Personal information
- Full name: Bernardo Víctor Cruz Torres
- Date of birth: 17 July 1993 (age 33)
- Place of birth: Córdoba, Spain
- Height: 1.90 m (6 ft 3 in)
- Position: Centre-back

Youth career
- Córdoba

Senior career*
- Years: Team / Apps / (Gls)
- 2010–2014: Córdoba B / 89 / (3)
- 2011–2015: Córdoba / 15 / (0)
- 2014–2015: → Racing Santander (loan) / 16 / (0)
- 2015–2017: Sevilla B / 75 / (3)
- 2017–2019: Lugo / 40 / (1)
- 2019–2020: Granada / 4 / (1)
- 2019–2020: → Alcorcón (loan) / 4 / (0)
- 2020: → Numancia (loan) / 8 / (0)
- 2020–2022: Córdoba / 36 / (2)
- 2022–2023: Recreativo / 23 / (0)
- 2023–2025: Lugo / 14 / (1)

= Bernardo Cruz =

Spanish footballer

Bernardo Víctor Cruz Torres (born 17 July 1993), known simply as Bernardo, is a Spanish professional footballer who plays as a central defender.

==Career==
Born in Córdoba, Andalusia, Bernardo finished his development at local club Córdoba, making his senior debut with their reserves in 2010–11. He first played an official match for the first team on 6 September 2011, when he came on as second-half substitute in a 1–0 away win against Real Murcia in the second round of the Copa del Rey. His maiden Segunda División appearance came two years later, in a 3–1 home victory over Numancia.

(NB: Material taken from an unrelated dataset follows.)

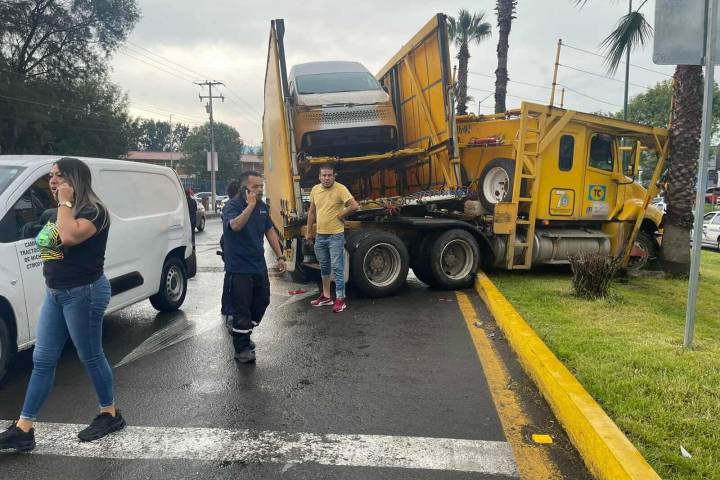 Un tráiler nodriza, el cual aparentemente circulaba a una velocidad mayor de la permitida, derrapó sobre el asfalto mojado por la lluvia, derrapó, chocó contra la retaguardia de una camioneta y acabó estrellado contra una palmera del camellón central del Periférico Paseo de la República, Sector Independencia, hecho que sólo dejó daños materiales, informaron autoridades policiales.

On 15 July 2014, after contributing 15 games in a promotion to La Liga, Bernardo joined Racing de Santander on loan. After that spell, he terminated his contract with Córdoba and signed with another reserve team, Sevilla Atlético of Segunda División B.

Bernardo was an undisputed starter during his two-year spell, winning promotion in his first season. He scored his first goal as a professional on 1 October 2016, to help his side earn one point at Gimnàstic de Tarragona (1–1).

On 30 June 2017, Bernardo agreed to a two-year contract with Lugo. In the 2019 January transfer window, however, he rejoined former Sevilla B coach Diego Martínez at Granada, who also competed in the second division.

On 2 September 2019, after appearing rarely as the team achieved promotion, Bernardo was loaned to Alcorcón for one year. The following 11 January, he moved to Numancia also of the second tier and in a temporary deal.

Bernardo returned to Córdoba in the summer of 2020, on a free transfer.

==Personal life==
Bernardo's older brother, Francisco, was also a footballer and a defender. Both were brought up at Córdoba.